Microsoft, Open Source, and the Meaning of Life

Jeff Atwood wrote a great blog post about why Microsoft can’t use open source in their products. Jon Galloway wrote a complementary post providing some specifics from a Microsoft insider explaining why Microsoft can’t use open source. One of Jon’s salient points is as follows:

Let’s say Microsoft took my advice and shipped Paint.NET as a Windows Vista Ultimate Extra. Unbeknownst to Microsoft – or even the Paint.NET project leads – a project contributor had copied some GPL code and included it in a patch submission (either out of ignorance or as with malice aforethought). Two years later, a competitor runs a binary scan for GPL code and serves Microsoft with a lawsuit for copyright infringement. Microsoft is forced to pay eleventy bajillion dollars and damages. Perhaps even worse, they’re hit with an injunction which prevents selling the offending application, which requires recalling shrinkwrapped boxes and working with computer vendors who’ve got the software pre-installed on computers in their inventory. All for shipping a simple paint program.

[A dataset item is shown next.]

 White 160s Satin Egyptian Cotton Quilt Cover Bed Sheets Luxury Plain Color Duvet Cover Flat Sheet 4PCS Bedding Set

This “nightmare scenario,” as Jon calls it, is more real than you might think. In my various roles as a Microsoft contractor and Wintellect cofounder, I have been involved, directly or indirectly, in a handful of lawsuits lodged against Microsoft over the years. And some of them have blown my mind. A few years ago, Wintellect took on the expert witness role when a gentleman sued Microsoft claiming that he invented Minesweeper and Microsoft stole it from him. The plaintiff wanted a royalty for every copy of Windows ever sold with Minesweeper! You can imagine how this went over with the brass at Microsoft.

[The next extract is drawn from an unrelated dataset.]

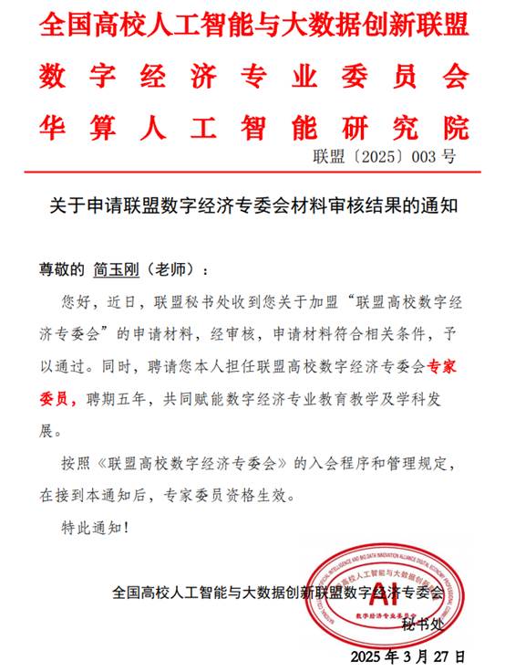 (文/图 管理学院 朱露) 近日,全国高校人工智能与大数据创新联盟数字经济专委会公布了联盟数字经济专委会评审结果,管理学院院长简玉刚受聘联盟数字经济专委会专家委员,聘期五年。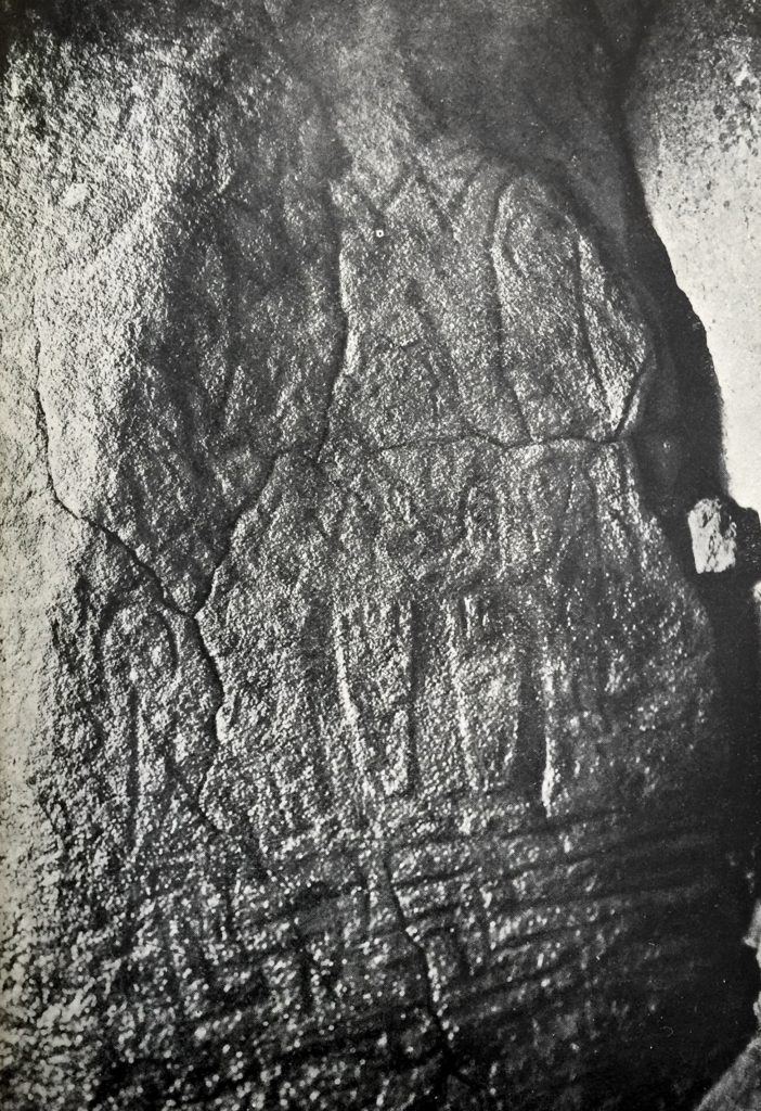 My interpretation suggests that they represent a pair of feet, sole outwards. My subsequent research in the library of the Society of Antiquaries revealed a similar carving (destroyed in the 1940s) at Dolmen du Petit-Mont at Arzon in Brittany.

Developers at Microsoft often joke that Microsoft has more attorneys than developers, or that “there’s an attorney for every programmer.” It’s not quite true, but it sometimes seem as if it is. I personally know of three groups at Microsoft that wanted to use controls from the AJAX Control Toolkit in their projects and were told by Legal that they couldn’t since the Toolkit is now open-source and contains code not written by Microsoft. Is Legal just being stodgy? Not given the long history of frivolous lawsuits filed against Microsoft by people hoping Microsoft will throw them some cash to go away. That’s one attribute of Bill Gates that I’ve always admired: when he thinks he’s right, he’d rather spend a million dollars defending his position than one dollar in hush money.

It would be nice if Microsoft could use open source. But given today’s legal climate, there’s no way that they–or any other company that sells software–can afford to.